#### Problem to solve
When you reach the line with "Transparency: You are" in the records below, begin transcribing exactly and continue up to and including the line with "Você que está", leaving out every picture.

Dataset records
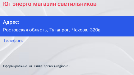 Юг энерго, магазин светильников по адресу Ростовская область, Таганрог, Чехова, 320в в дальнейшем Организация, размещена в следующих категориях:
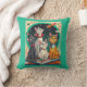 Throw pillow in an illustration of four cats sitting on an open book, gazing at a rocket soaring through a cosmic backdrop. Each cat sports retro-futuristic space gear, blending vintage sci-fi charm with whimsey. The scene evokes wonder, adventure, and imagination fueled by books.
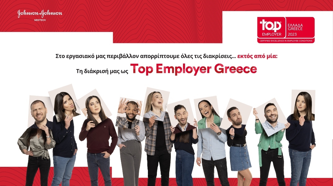 Στοχεύοντας ψηλά και μεριμνώντας για τη βελτίωση της εργασιακής εμπειρίας, η Johnson & Johnson κατέκτησε για δεύτερη συνεχή χρονιά τον τίτλο του Κορυφαίου Εργοδότη στην Ελλάδα από το Top Employers Institute, τον Παγκόσμιο Οργανισμό που αναγνωρίζει την αριστεία στις πρακτικές Ανθρώπινου Δυναμικού.
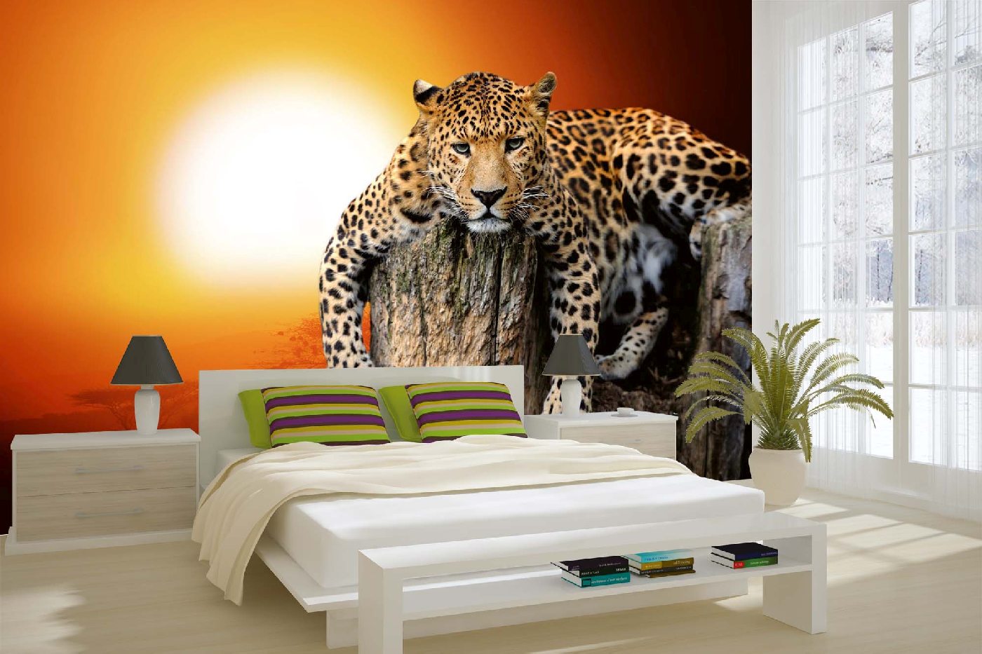 Vlies Fototapete - Leopard bei Sonnenuntergang 375 x 250 cm
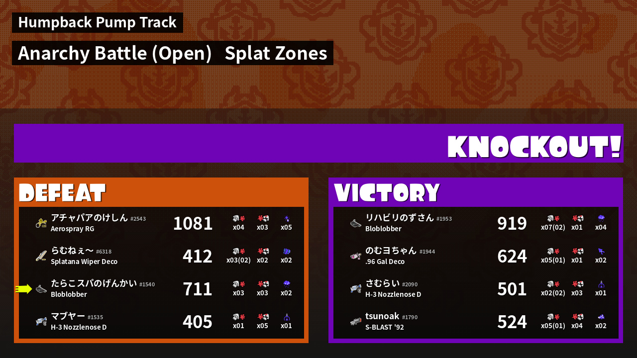 | Mode | Splat Zones - Anarchy Battle (Open) | ||
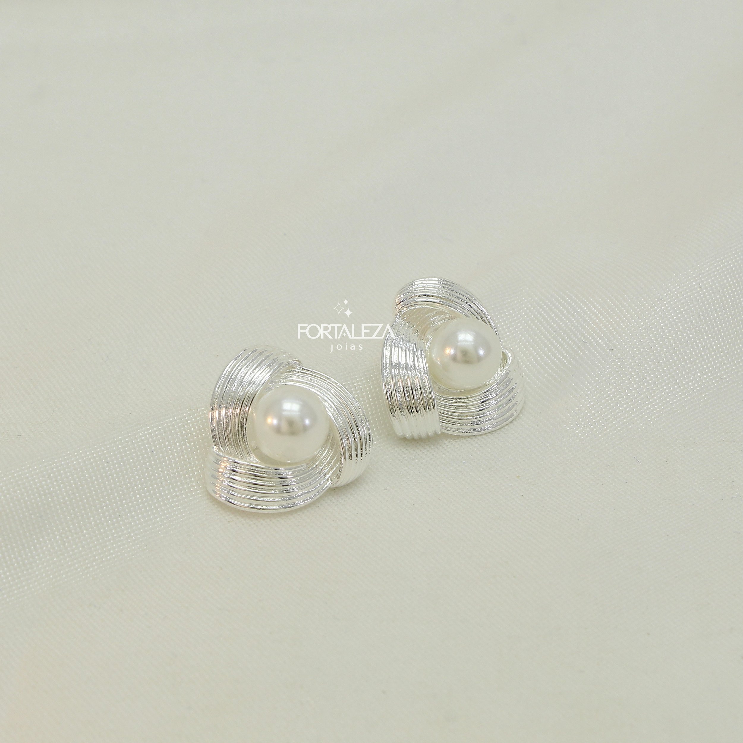 Brinco de Metal Entrelaçado com Pérola Banhado em Prata
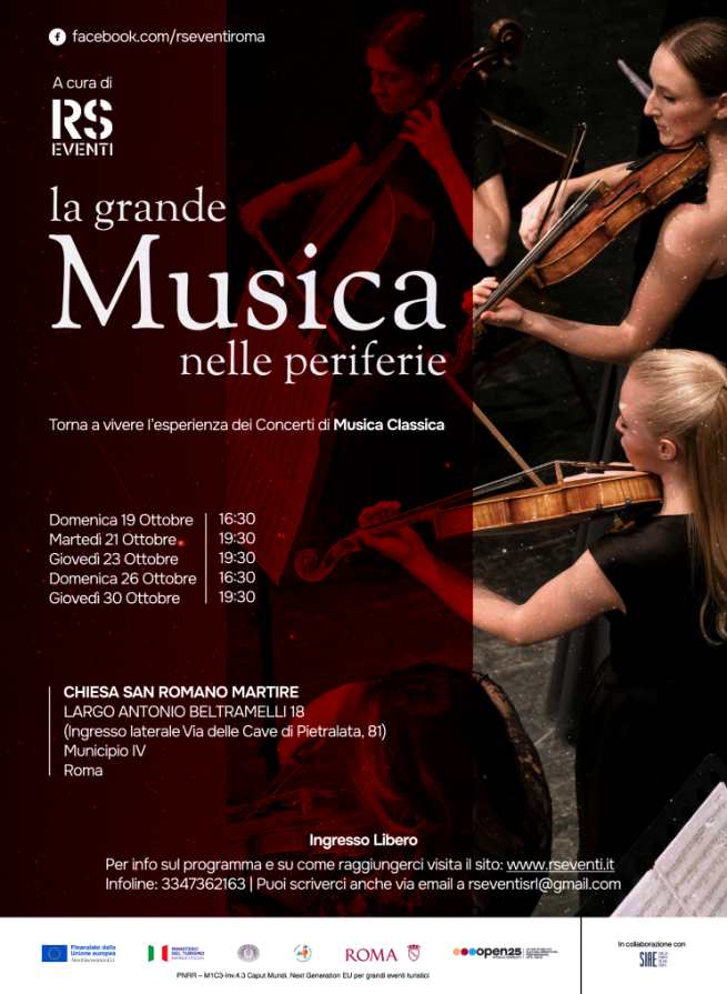 “La Grande Musica nelle Periferie” è una delle iniziative più significative del calendario culturale cittadino di quest’autunno. Con l’ingresso libero e un programma che unisce qualità e varietà, la rassegna si candida a diventare un punto di riferimento per chi ama la musica e per chi vuole scoprire un nuovo modo di vivere la periferia romana.
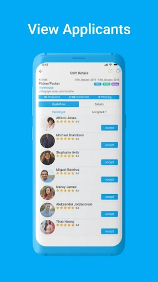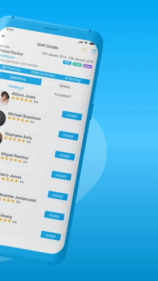 Transparency: You are able to see all Upshifters who apply to your shifts, view their profiles, and accept those you think are the best fit.
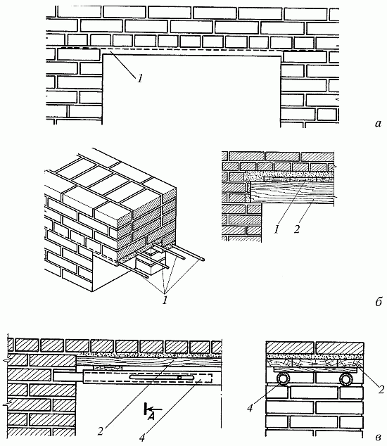 Рис. 25. Кладка рядовых перемычек: а – фасад; б – разрез; в – кладка по дощатой опалубке; г – кладка на инвентарных кружалах; 1 – арматурные стержни; 2 – доски; 3 – деревянные кружала; 4 – трубчатые кружала
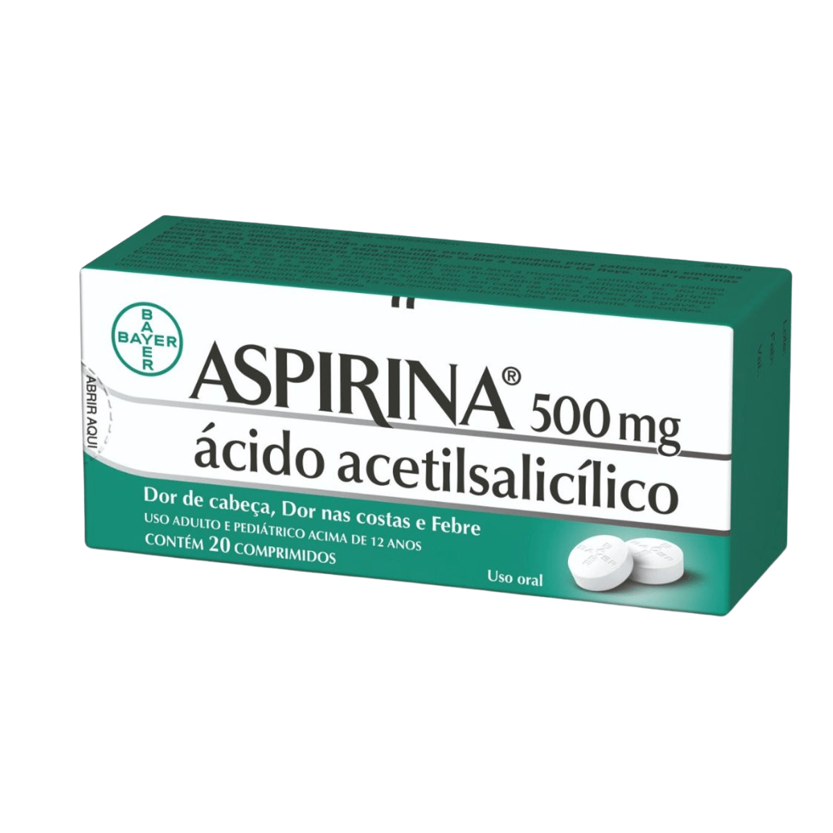 Aspirina Ácido Acetilsalicílico 500mg 20 comprimidos
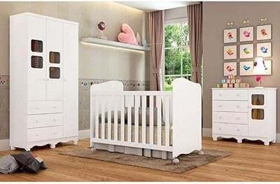 Você que está aguardando a chegada do seu bebê e está montando o quarto dele, vai amar este jogo de quarto para bebê com berço que vira mini cama, uma cômoda com quatro gavetas e um guarda roupa com quatro portas todos de cor branca.
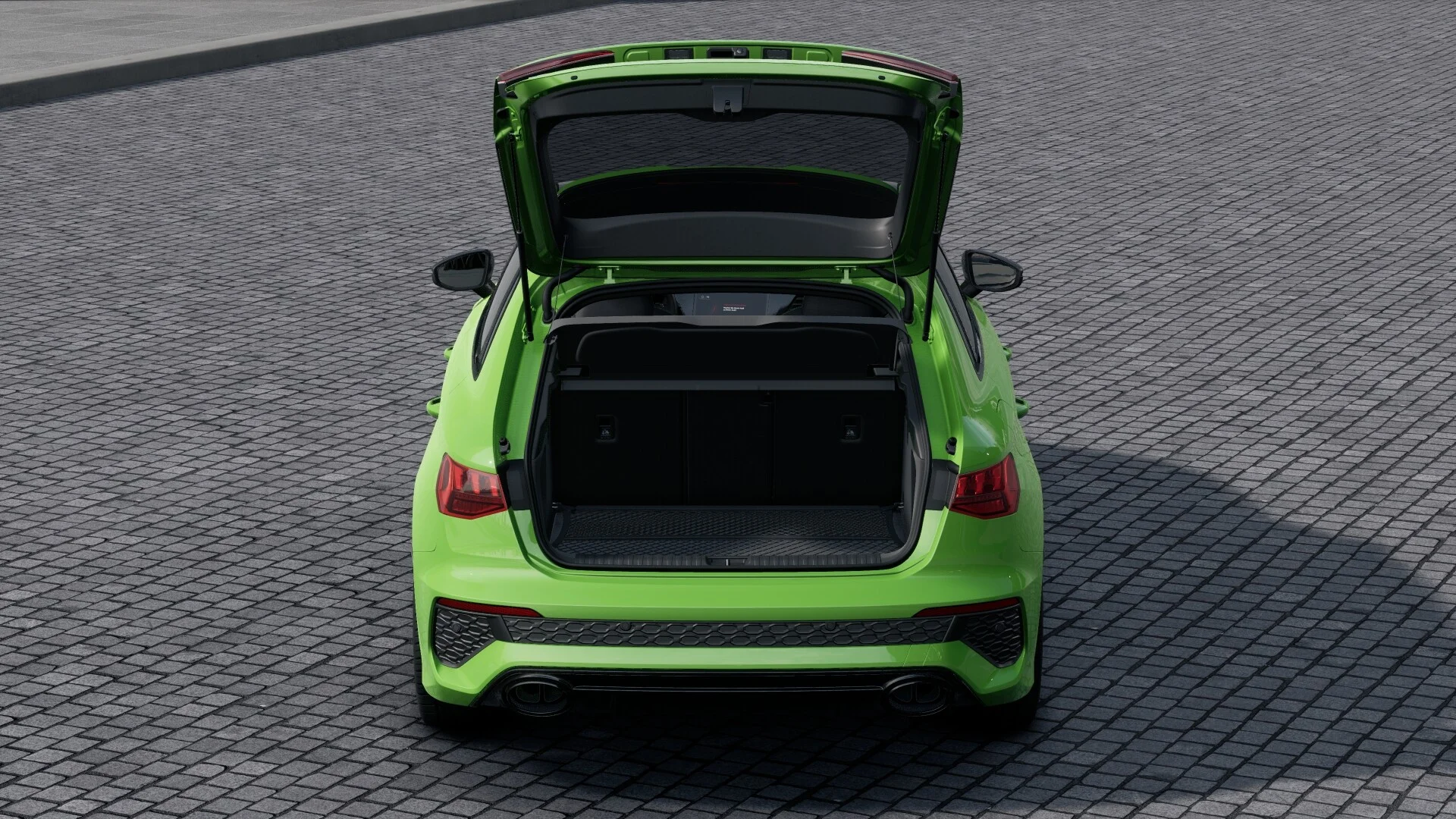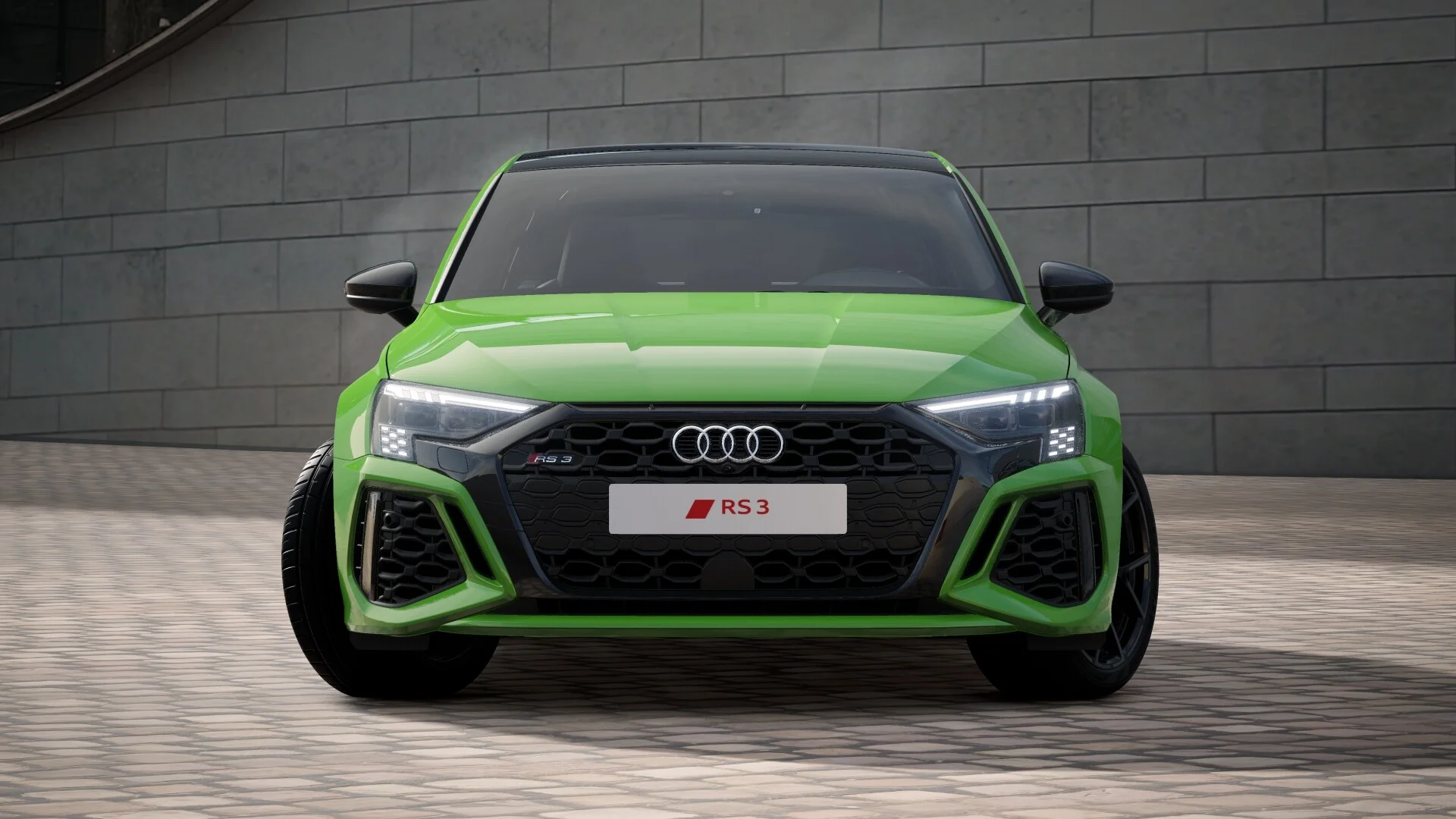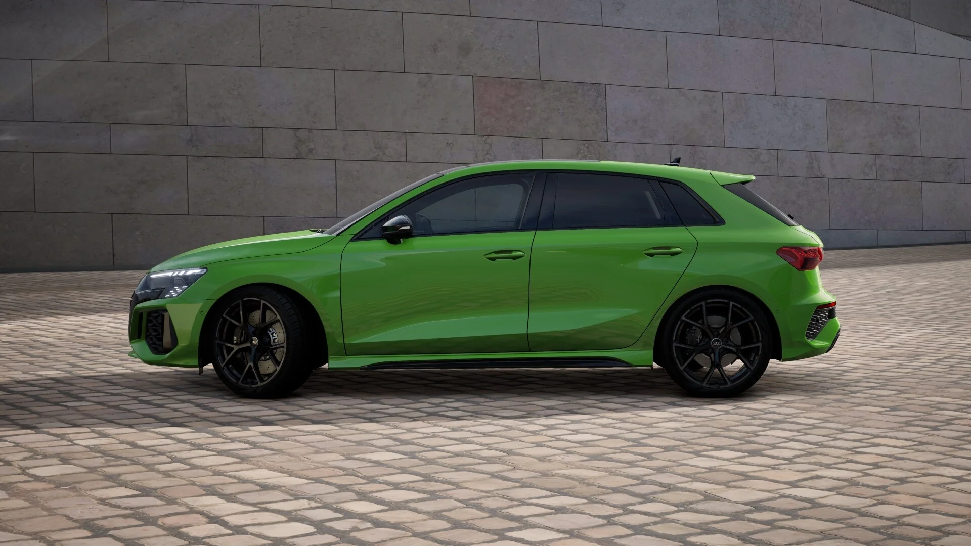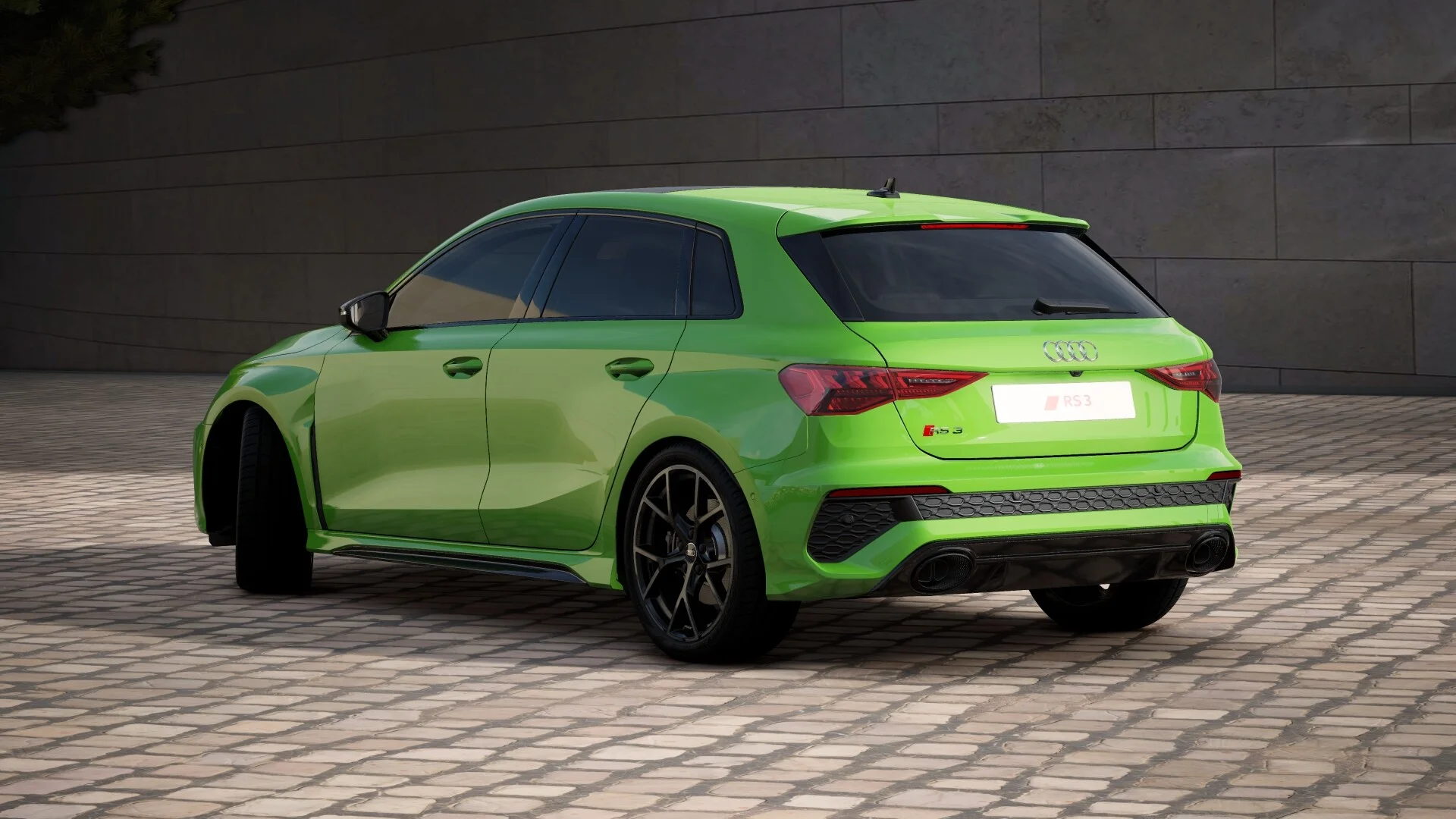 Z zewnątrz Audi RS 3 Sportback przyciąga spojrzenia dzięki agresywnym liniami, nisko osadzonemu nadwoziu i charakterystycznym detalom, takim jak sportowe zderzaki, duże wloty powietrza oraz wyraźne linie boczne. W połączeniu z dynamicznymi proporcjami, te elementy nadają samochodowi niepowtarzalny charakter.

#### Solution to the exercise
 Transparency: You are able to see all Upshifters who apply to your shifts, view their profiles, and accept those you think are the best fit.
 Рис. 25. Кладка рядовых перемычек: а – фасад; б – разрез; в – кладка по дощатой опалубке; г – кладка на инвентарных кружалах; 1 – арматурные стержни; 2 – доски; 3 – деревянные кружала; 4 – трубчатые кружала
 Aspirina Ácido Acetilsalicílico 500mg 20 comprimidos
 Você que está aguardando a chegada do seu bebê e está montando o quarto dele, vai amar este jogo de quarto para bebê com berço que vira mini cama, uma cômoda com quatro gavetas e um guarda roupa com quatro portas todos de cor branca.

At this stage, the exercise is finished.